Personal information
- Full name: Frank Hillyard Swinstead
- Born: 6 August 1862 Chelsea, Middlesex, England
- Died: 6 December 1937 (aged 75) Hornsey, Middlesex, England
- Batting: Unknown
- Bowling: Unknown

Domestic team information
- 1900: Marylebone Cricket Club

Career statistics
| Competition | First-class |
| Matches | 2 |
| Runs scored | 37 |
| Batting average | 9.25 |
| 100s/50s | –/– |
| Top score | 15 |
| Balls bowled | 36 |
| Wickets | 0 |
| Bowling average | – |
| 5 wickets in innings | – |
| 10 wickets in match | – |
| Best bowling | – |
| Catches/stumpings | 1/– |
- Source: Cricinfo, 19 February 2019

= Frank Swinstead =

English cricketer and artist

Frank Hillyard Swinstead (6 August 1862 - 6 December 1937) was an English first-class cricketer and artist.

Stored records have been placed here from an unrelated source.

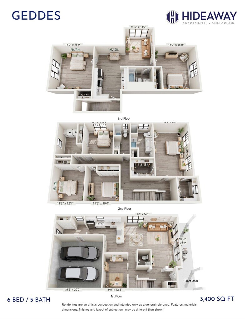 Llámenos hoy para conocer las opciones de precio de 3 dormitorios a 6 dormitorios en Hideaway Apartments
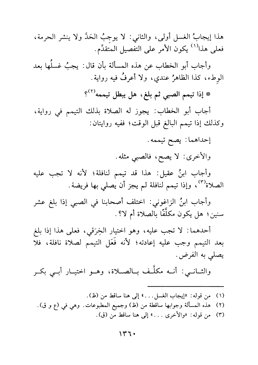 (¬٢) هذه المسألة وجوابها ساقطة من (ظ) وجميع المطبوعات. وهي في (ع وق).
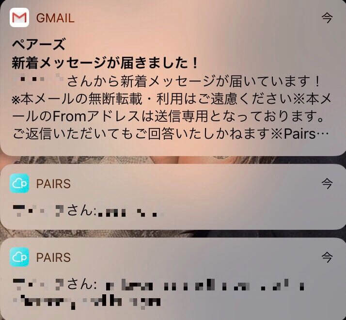 メールのプッシュ通知がオンになっているとメール通知でもPairsを利用していることがバレる
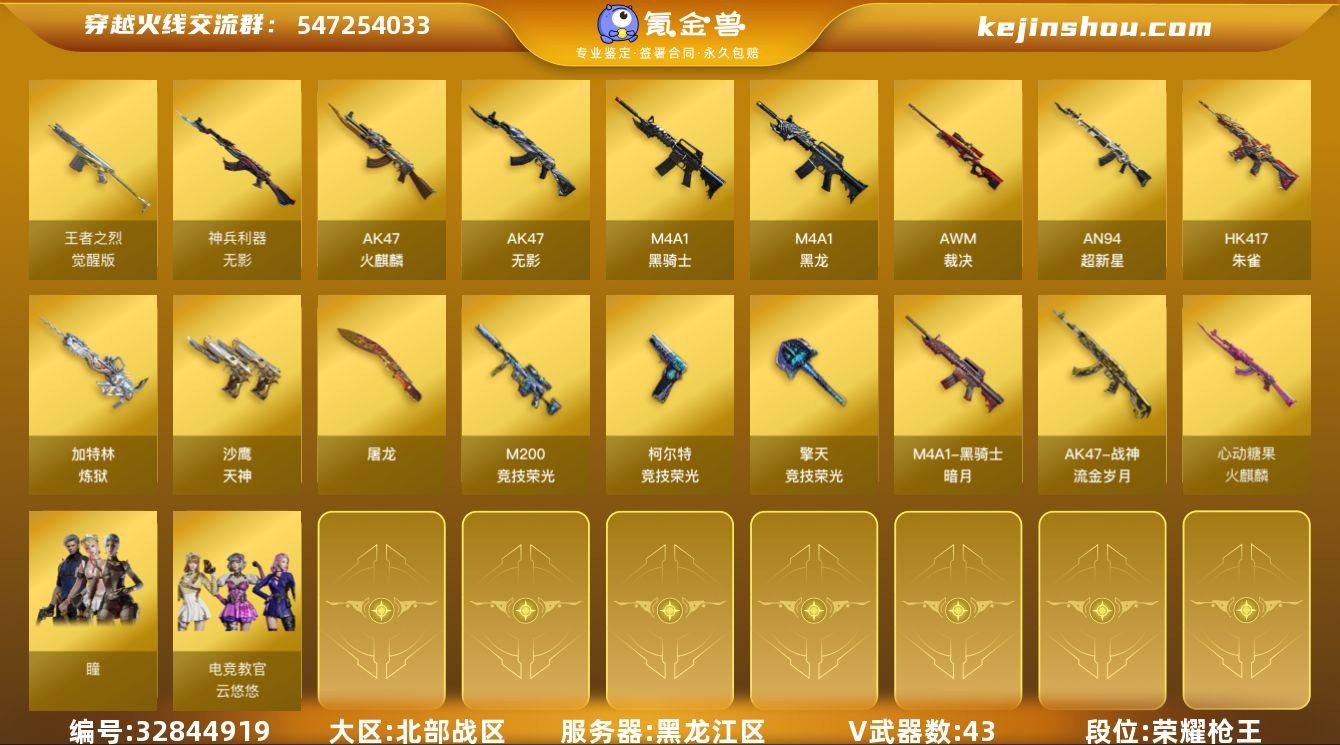黑龙江区-45V-1王者-0炫金 【热门武器】:HK417-朱雀,M200-竞技荣光,M4A1-黑骑士,加特林-炼狱,USP-雷暴 【皮肤】:火麒麟-心动糖果,黑骑士-暗月,战神-流金岁月皮肤 【角色】:瞳,电竞教官-云悠悠,乔伊教练,风暴女,虎妞,嘉年华灵狐,娟娟,灵动武士,龙儿,潘多拉-甜心教官,斯沃特-X,铁骑荣耀,新娜塔莎 【人偶武器】:AWM-灵狐-15周年嘉年华,生化手雷-机甲核心 【暴走生化】:超级对讲机 【挑战大师】:神圣爆裂者-末日III 【英雄级武器】:AK47-火麒麟,M4A1-黑龙*2,M4A1-黑骑士,AK47-无影,AN94-超新星,HK417-朱雀,无影-神兵利器,王者之烈-觉醒版,AWM-裁决,M200-竞技荣光,加特林-炼狱,沙鹰-天神*2,USP-雷暴,柯尔特-竞技荣光,屠龙,擎天-竞技荣光,高爆手雷-竞技荣光*7,闪光弹-竞技荣光*7,烟雾弹-竞技荣光*8 【道具】:CFS限定背包,绿色巨人,灵魂忍者,迷雾幽灵,夺命之镰,防化服*2,金色流光-枪王排位*2,星辰流光-枪王排位,枪王排位28赛季金色流光,云海游龙表情,防弹头盔*5,防弹衣*5,C4工具钳*5,手雷包*5 【特殊枪械】:1黑骑士,1炼狱

Swinstead was born at Chelsea to Charles Swinstead, the master of the North London School of Art, and his second wife, Jane Swinstead (née Hillyard). His older brother was the artist George Hillyard Swinstead. Frank was educated at the North London School of Art, before attending the Royal College of Art and Académie Julian in Paris. After graduating, he became an art master, taking over the Hornsey College of Art (formerly the North London School of Art) from his father following his death in 1890. Two years prior to taking over the college, Swinstead appeared in a first-class cricket match for the Gentlemen of England against Cambridge University at Cambridge. He married Lilie Caroline Drew in 1890, with the couple having three sons. He made a second appearance in first-class cricket for the Marylebone Cricket Club against Worcestershire at Lord's in 1900. He later became the principle of the Willesden Polytechnic School of Art and was elected to the Royal Society of British Artists in 1908. He exhibited three paintings of various scenes from Suffolk to the Royal Society of British Artists in 1929. He died at Hornsey Central Hospital in December 1937.